In the output, include exactly the lines from the beginning of the records up to and including the one that contains "дневна соба. 🙂", and leave out the pictures.

**Data extracts:**
☆ ☆ ☆ ☆ ☆
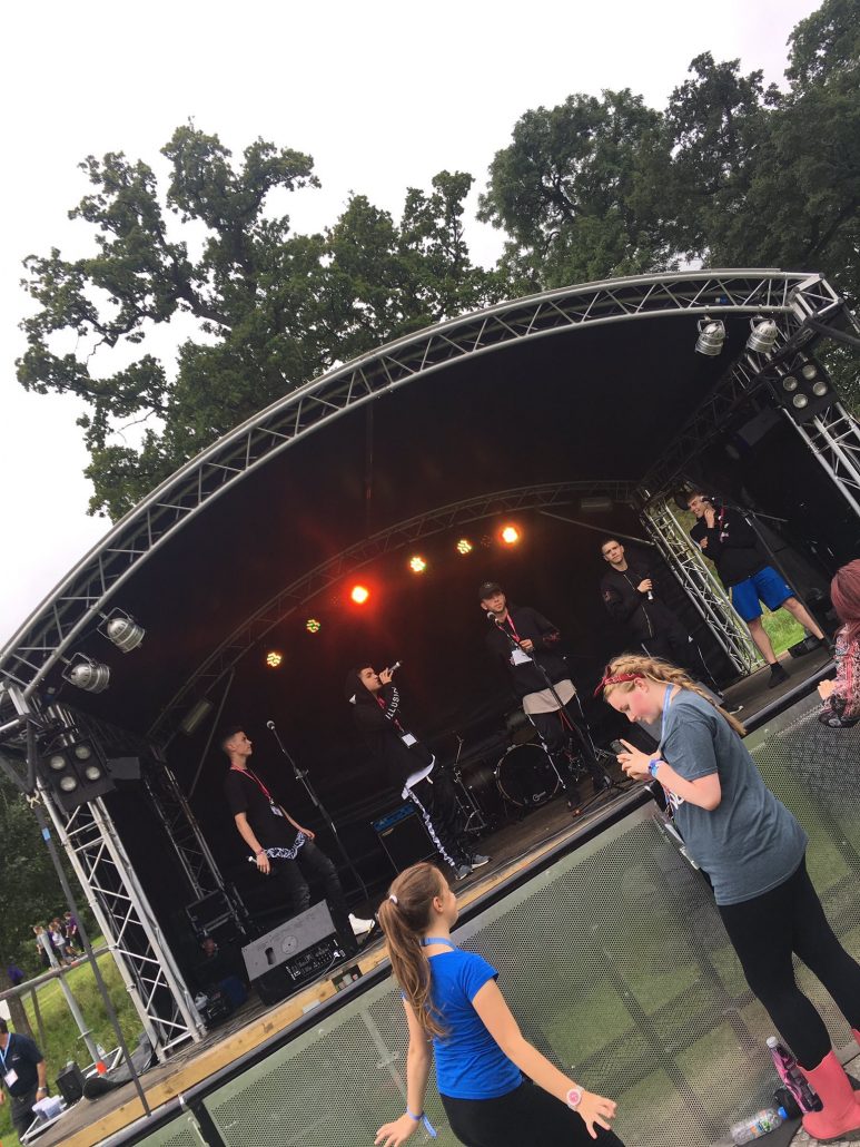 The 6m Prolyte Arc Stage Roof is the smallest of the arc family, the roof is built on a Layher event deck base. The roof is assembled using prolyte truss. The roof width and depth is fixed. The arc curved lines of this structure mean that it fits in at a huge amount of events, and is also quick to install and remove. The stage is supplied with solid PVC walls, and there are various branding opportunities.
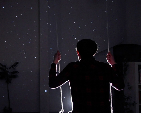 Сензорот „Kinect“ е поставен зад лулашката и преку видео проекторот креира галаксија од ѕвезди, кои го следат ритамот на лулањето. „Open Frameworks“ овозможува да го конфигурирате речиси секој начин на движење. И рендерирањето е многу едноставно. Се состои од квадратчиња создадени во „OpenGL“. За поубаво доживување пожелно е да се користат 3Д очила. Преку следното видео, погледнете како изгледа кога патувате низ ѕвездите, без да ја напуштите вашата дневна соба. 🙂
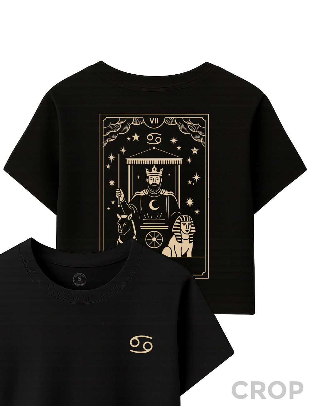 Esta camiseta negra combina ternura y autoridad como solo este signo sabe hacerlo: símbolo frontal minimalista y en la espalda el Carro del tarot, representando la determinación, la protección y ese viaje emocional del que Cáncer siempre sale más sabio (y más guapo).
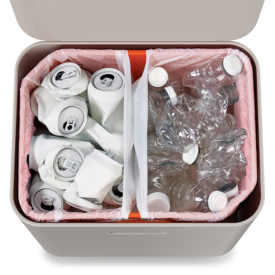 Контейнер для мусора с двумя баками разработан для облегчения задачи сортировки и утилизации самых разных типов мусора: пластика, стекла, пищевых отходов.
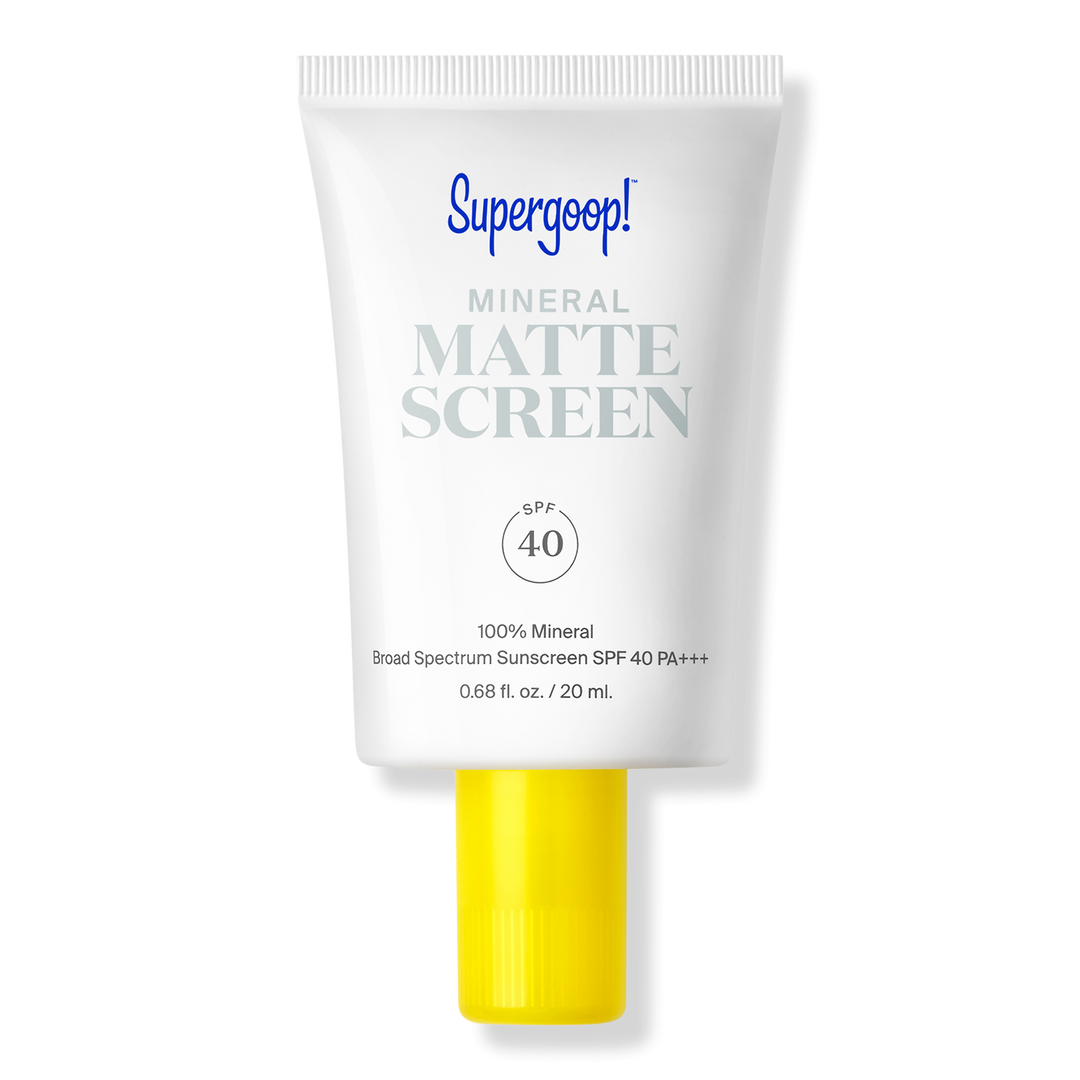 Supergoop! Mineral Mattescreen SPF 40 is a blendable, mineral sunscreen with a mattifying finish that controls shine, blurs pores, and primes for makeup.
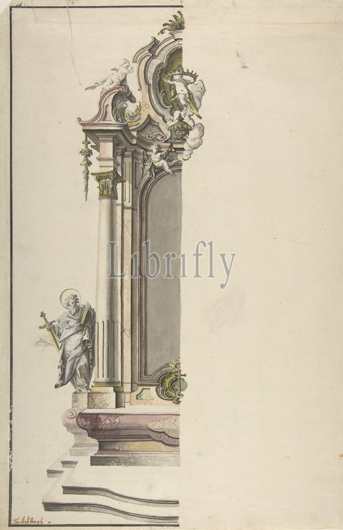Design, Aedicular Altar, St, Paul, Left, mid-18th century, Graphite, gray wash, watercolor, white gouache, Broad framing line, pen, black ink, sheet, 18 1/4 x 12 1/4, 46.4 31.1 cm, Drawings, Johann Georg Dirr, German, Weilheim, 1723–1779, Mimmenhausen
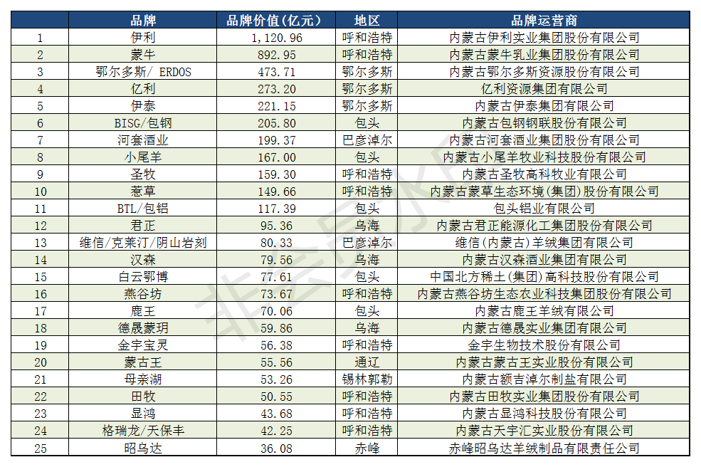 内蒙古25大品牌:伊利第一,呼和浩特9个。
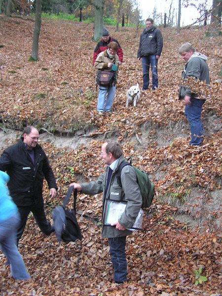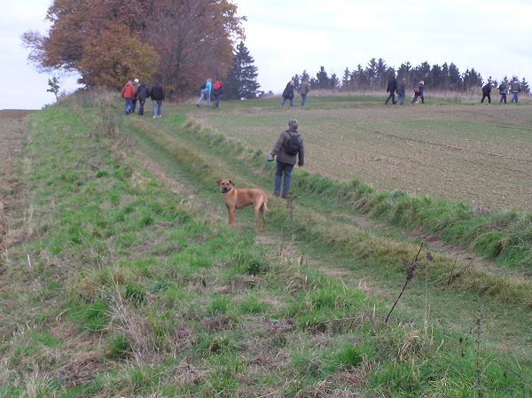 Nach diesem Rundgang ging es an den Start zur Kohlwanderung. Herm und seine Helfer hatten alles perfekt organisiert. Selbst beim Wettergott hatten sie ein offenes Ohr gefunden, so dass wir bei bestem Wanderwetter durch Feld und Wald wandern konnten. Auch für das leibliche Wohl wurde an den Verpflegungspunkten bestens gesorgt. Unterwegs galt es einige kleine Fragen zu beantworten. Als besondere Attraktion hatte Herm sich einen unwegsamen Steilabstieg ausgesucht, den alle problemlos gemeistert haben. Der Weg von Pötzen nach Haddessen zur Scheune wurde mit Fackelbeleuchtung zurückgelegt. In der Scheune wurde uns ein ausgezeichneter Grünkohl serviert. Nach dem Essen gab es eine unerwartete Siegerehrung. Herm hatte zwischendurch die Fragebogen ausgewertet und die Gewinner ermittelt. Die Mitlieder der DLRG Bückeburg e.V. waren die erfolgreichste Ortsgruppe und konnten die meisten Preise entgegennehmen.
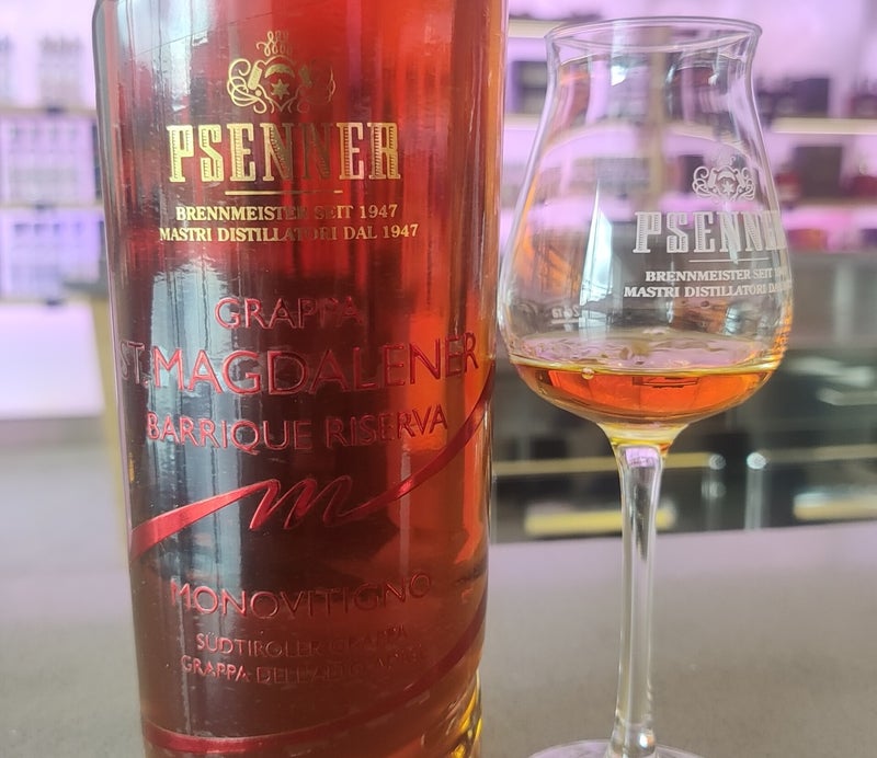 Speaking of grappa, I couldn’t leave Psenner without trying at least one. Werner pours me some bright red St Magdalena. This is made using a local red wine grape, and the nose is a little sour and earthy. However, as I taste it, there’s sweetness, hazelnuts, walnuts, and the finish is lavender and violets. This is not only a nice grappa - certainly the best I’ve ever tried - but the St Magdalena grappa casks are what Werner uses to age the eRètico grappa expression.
☆ ☆ ☆ ☆ ☆
**Task response:**
 The 6m Prolyte Arc Stage Roof is the smallest of the arc family, the roof is built on a Layher event deck base. The roof is assembled using prolyte truss. The roof width and depth is fixed. The arc curved lines of this structure mean that it fits in at a huge amount of events, and is also quick to install and remove. The stage is supplied with solid PVC walls, and there are various branding opportunities.
 Сензорот „Kinect“ е поставен зад лулашката и преку видео проекторот креира галаксија од ѕвезди, кои го следат ритамот на лулањето. „Open Frameworks“ овозможува да го конфигурирате речиси секој начин на движење. И рендерирањето е многу едноставно. Се состои од квадратчиња создадени во „OpenGL“. За поубаво доживување пожелно е да се користат 3Д очила. Преку следното видео, погледнете како изгледа кога патувате низ ѕвездите, без да ја напуштите вашата дневна соба. 🙂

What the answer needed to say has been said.